Segment Start: Information given

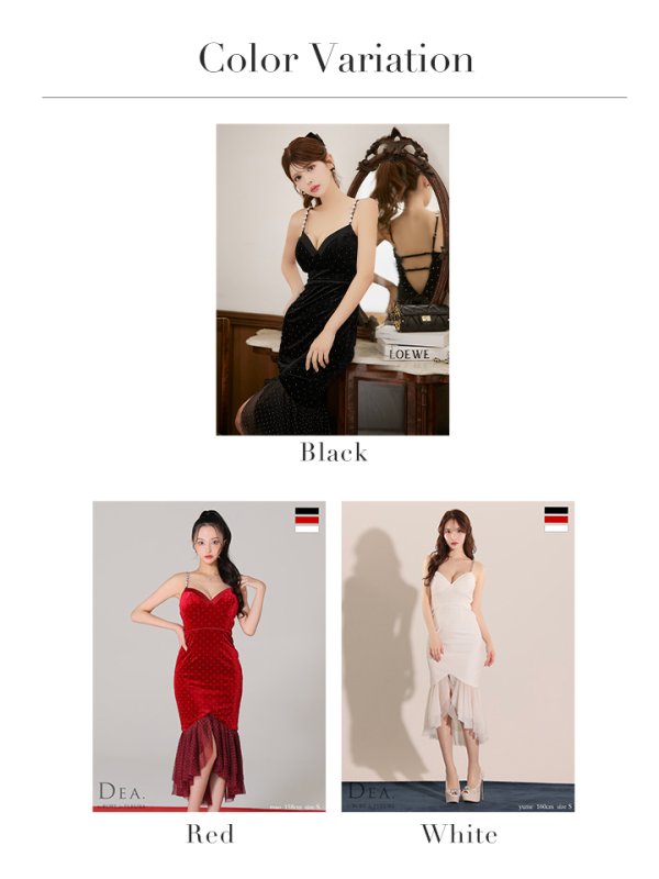 Lサイズあり【DEA./ディア】シンプル/ バックリボン/ ベロア/ キャミ/ フリル/ マーメイド/ ミディアムドレス/ キャバドレス[OF08] [DE3615-B-S240925]
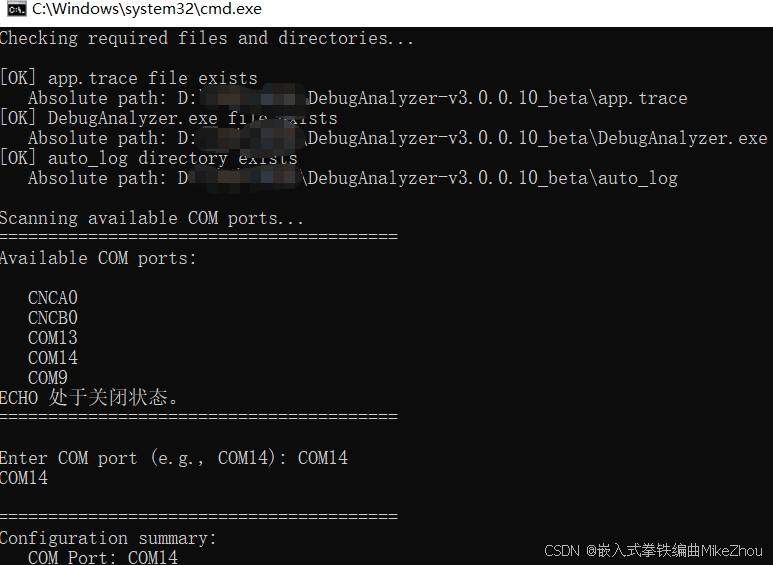 输入COM14 会打开一个新窗口 如果执行有错误 会在新窗口中输出
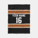 Black with Orange White Stripes Team Jersey Fleece Blanket
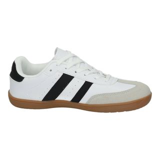 Zapatillas deportivas de la marca Demax, con un diseño moderno y cómodo. - Combinación de colores blanco y negro. - Suela de goma marrón. - Detalle de gamuza en la puntera. - Tres franjas laterales en contraste. - Tallas del 36 al 45.
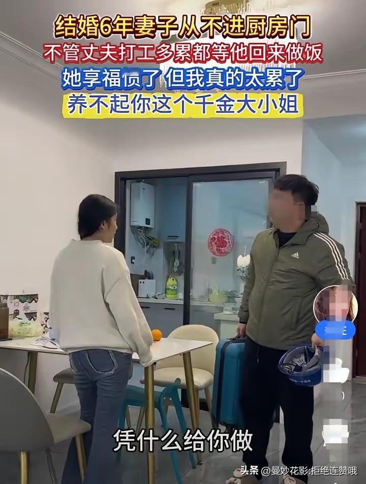 结婚6年,妻子从不进厨房,不买菜,不煮饭,不洗碗! 每天都是男人下班回来买菜煮饭,不管男人白天上班有多苦多累,妻子都要等他回来做饭! 男人这些年可以说是把妻子宠成了公主,因为妻子年轻漂亮,当年追求她的时候可是下了血本,彩礼花了18万! 而妻子宅家刷手机当甩手掌柜,每月3000零花钱照拿不误! 婚姻从不是单方面的供养,再漂亮的脸蛋,也经不住一味索取的消耗。所谓“宠”是相互体谅,不是无底线纵容,当付出变成理所当然,感情早就在柴米油盐的失衡中被榨干。 18万彩礼买不来长久的幸福,面子撑不起摇摇欲坠的婚姻。好的夫妻该是搭伙过日子,你知我赚钱辛苦,我懂你操持不易,而非一方当大爷一方做牛马。 这场失衡的婚姻,到底是该及时止损,还是再给彼此一次沟通的机会?你觉得这样的关系还有坚持的必要吗? 彩礼漫天要价 无彩礼的婚姻 彩礼陷阱 索要彩礼 大龄彩礼 彩礼下降 3万彩礼

Segment End: Information given

Output only the lines running from the top of the data above to the line with "Zapatillas deportivas de", inclusive, word for word and without pictures.

**Task output:**
 Lサイズあり【DEA./ディア】シンプル/ バックリボン/ ベロア/ キャミ/ フリル/ マーメイド/ ミディアムドレス/ キャバドレス[OF08] [DE3615-B-S240925]
 输入COM14 会打开一个新窗口 如果执行有错误 会在新窗口中输出
 Black with Orange White Stripes Team Jersey Fleece Blanket
 Zapatillas deportivas de la marca Demax, con un diseño moderno y cómodo. - Combinación de colores blanco y negro. - Suela de goma marrón. - Detalle de gamuza en la puntera. - Tres franjas laterales en contraste. - Tallas del 36 al 45.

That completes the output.